The book had its origins in a grant application, on “Science and Religious Conflict'” which I developed, together with Julian Savulescu, director of the Oxford Uehiro Centre for Practical Ethics, the Institute for Science and Ethics, in the Oxford Martin School, and the Oxford Centre for Neuroethics, all at the University of Oxford. Julian and I wanted to take recent work in social psychology, cognitive science, neuroscience and evolutionary biology and apply this to shed light on the nature of religious conflict; and also to suggest ways to reduce religious conflict. Our application was generously funded by the Arts and Humanities Research Council in the United Kingdom and ran from the beginning of 2009 to mid-2012 (Standard Grant AH/F019513/1). In addition to this book, the Science and Religious Conflict project resulted in two major international conferences, a number of academic papers, and an edited volume, Religion, Intolerance and Conflict: A Scientific and Conceptual Investigation, edited by Steve Clarke, Russell Powell, and Julian Savulescu (Oxford: Oxford University Press 2013). Julian and I were fortunate enough to have been able to employ Russell Powell to work on the grant. I benefited enormously from the opportunity to work with Julian and Russell, as well as the opportunity to work at the Uehiro Centre and in the Oxford Martin School. Work on the latter stages of this book was generously supported by the Centre for Applied Philosophy and Public Ethics, Charles Sturt University.
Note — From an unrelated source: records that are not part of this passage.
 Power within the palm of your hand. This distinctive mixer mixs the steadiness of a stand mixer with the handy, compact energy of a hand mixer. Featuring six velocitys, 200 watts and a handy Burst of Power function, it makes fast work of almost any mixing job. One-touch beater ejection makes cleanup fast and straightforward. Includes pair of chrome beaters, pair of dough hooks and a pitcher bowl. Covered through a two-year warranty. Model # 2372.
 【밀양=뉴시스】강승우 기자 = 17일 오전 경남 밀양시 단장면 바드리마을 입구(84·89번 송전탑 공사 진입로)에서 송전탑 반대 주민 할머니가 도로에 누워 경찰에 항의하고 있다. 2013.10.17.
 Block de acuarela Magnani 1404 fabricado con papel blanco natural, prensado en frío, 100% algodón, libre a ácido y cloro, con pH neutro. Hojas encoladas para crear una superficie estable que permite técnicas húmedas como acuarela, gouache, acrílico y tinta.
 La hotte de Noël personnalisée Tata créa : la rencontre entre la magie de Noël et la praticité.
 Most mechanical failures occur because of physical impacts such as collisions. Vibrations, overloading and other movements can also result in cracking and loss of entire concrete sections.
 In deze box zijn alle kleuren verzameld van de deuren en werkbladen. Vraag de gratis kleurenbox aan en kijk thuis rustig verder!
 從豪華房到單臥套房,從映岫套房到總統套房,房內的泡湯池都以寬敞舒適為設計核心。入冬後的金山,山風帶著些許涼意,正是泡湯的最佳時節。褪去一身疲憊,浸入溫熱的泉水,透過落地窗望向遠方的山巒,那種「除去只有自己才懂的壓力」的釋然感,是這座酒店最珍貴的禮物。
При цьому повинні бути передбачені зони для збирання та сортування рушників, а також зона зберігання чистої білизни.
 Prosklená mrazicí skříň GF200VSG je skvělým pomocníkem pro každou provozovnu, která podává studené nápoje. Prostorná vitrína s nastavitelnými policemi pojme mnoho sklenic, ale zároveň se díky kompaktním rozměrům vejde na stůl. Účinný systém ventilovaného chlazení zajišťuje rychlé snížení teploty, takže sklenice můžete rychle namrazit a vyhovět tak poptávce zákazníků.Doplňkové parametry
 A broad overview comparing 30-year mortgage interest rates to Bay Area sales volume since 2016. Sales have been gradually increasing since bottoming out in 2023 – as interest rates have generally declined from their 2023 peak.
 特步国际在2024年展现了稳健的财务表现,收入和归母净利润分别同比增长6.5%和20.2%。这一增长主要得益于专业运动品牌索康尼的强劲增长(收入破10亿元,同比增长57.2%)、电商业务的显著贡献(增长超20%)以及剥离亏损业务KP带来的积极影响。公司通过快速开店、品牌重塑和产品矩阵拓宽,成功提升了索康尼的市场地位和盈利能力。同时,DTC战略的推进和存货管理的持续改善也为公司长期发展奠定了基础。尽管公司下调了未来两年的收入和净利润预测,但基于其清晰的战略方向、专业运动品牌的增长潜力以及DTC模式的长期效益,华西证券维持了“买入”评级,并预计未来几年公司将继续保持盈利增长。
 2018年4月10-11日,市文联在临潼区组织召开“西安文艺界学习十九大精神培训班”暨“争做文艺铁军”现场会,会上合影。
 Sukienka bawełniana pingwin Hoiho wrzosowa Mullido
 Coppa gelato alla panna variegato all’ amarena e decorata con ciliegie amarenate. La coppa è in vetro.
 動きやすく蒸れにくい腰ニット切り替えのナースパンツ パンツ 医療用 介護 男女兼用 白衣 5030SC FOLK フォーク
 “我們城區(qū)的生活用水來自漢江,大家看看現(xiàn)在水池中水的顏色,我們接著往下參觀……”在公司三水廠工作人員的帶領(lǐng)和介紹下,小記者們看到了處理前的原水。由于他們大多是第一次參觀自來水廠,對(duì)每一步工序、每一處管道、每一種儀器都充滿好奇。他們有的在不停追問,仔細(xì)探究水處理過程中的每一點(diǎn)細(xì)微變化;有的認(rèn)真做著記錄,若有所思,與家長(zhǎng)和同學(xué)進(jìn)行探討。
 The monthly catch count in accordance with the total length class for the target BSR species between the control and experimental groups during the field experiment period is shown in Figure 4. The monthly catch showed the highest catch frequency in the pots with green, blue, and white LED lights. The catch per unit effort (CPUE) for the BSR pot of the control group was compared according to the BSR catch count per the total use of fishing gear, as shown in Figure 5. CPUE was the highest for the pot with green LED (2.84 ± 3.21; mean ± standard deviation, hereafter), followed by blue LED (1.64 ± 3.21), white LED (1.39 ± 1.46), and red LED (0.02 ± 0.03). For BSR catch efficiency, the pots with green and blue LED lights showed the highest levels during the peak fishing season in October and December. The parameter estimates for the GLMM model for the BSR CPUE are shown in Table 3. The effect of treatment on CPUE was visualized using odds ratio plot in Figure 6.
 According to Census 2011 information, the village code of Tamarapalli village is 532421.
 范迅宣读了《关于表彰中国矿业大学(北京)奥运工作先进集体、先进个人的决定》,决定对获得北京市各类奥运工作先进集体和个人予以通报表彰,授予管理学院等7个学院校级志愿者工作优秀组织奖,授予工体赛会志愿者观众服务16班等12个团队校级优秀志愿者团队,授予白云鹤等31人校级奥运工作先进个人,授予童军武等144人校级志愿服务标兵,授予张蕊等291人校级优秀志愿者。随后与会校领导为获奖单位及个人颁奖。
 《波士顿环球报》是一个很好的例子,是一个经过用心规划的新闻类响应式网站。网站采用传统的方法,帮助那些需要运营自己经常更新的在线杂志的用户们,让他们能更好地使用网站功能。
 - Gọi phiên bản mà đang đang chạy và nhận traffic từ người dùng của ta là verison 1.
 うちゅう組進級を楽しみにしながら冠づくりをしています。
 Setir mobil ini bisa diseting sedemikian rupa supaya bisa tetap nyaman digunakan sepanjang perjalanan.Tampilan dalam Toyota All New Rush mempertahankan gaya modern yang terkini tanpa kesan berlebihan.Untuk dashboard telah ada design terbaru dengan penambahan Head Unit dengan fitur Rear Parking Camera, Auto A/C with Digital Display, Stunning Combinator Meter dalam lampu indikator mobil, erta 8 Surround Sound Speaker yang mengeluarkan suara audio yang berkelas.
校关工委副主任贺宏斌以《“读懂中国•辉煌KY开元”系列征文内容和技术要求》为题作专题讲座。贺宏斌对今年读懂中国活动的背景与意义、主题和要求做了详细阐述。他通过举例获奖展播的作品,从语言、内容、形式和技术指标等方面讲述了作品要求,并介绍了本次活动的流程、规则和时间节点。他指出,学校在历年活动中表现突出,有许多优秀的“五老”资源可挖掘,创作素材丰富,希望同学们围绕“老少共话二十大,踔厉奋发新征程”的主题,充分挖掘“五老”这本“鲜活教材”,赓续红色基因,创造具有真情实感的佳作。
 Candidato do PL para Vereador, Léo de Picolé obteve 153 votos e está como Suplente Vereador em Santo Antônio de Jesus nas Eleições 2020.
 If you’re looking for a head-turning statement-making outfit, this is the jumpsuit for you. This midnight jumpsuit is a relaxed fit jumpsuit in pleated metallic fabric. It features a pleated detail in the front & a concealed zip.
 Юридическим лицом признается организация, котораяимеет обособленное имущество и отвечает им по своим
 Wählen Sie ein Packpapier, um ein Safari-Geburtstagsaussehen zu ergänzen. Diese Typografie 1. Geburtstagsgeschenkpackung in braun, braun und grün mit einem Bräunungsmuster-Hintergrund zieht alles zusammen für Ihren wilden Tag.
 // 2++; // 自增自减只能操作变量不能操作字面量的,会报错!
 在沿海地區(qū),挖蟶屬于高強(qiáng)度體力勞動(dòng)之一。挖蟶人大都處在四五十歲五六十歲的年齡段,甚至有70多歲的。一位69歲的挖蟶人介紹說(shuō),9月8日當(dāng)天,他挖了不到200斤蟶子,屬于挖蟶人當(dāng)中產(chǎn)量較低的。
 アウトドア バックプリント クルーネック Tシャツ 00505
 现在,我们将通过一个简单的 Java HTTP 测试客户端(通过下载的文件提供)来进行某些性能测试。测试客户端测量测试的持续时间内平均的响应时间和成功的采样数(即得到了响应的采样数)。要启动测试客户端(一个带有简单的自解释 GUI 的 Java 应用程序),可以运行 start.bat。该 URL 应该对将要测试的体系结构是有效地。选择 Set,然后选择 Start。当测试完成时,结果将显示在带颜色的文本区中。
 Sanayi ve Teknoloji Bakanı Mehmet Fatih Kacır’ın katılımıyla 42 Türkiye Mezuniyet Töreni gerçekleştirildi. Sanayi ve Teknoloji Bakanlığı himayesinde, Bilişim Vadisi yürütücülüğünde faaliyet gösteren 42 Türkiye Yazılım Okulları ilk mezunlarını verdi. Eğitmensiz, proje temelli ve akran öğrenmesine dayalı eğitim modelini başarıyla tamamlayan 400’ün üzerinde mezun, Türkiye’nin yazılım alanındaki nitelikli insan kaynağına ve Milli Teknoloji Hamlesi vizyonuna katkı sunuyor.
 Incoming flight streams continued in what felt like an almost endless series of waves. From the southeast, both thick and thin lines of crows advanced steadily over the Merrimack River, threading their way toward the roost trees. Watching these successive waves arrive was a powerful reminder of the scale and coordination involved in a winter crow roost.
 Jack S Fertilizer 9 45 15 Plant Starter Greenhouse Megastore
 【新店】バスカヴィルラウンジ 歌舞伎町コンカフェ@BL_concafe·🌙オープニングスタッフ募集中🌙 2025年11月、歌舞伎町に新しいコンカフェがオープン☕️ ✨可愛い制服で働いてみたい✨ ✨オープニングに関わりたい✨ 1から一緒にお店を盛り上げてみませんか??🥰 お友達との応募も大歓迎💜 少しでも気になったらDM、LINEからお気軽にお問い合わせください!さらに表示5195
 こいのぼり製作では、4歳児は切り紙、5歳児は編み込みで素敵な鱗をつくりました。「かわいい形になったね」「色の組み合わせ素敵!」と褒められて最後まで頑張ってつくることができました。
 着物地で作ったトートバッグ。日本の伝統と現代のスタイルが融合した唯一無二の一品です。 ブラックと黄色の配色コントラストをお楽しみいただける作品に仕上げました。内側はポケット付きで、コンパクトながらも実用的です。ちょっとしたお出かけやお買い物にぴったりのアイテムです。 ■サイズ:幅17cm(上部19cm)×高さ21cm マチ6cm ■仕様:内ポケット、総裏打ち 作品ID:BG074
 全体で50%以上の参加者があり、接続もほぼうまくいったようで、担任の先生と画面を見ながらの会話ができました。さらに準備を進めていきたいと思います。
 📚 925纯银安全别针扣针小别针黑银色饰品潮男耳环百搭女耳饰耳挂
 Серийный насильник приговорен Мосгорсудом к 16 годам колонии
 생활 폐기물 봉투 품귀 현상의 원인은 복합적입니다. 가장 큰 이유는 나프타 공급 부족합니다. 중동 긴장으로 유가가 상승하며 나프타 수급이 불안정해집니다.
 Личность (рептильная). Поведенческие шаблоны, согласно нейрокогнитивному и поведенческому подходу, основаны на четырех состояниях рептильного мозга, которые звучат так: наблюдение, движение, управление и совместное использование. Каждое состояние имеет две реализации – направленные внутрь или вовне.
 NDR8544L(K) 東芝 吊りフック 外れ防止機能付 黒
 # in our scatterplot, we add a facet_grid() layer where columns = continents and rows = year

Thanks to Joanna Burch-Brown, Adrienne Clarke, Katrien Devolder, Tom Douglas, David Edmonds, Jacqueline Fox, Guy Kahane, Marguerite La Caze, Neil Levy, Morgan Luck, Kate MacDonald, Terry MacDonald, Francesca Minerva, Justin Oakley, Russell Powell, Simon Rippon, Julian Savulescu, Nicholas Shea, John Teehan, Steven Tudor, Adrian Walsh, and several anonymous reviewers for helping me to improve my draft material. Thanks also to Lindsay Bourgeois, Michael Boylan, Jennifer Bray, Liam Cooper, Jeff Dean, Allison Kostka, Louise Spencely, and Paul Stringer for their editorial help and support.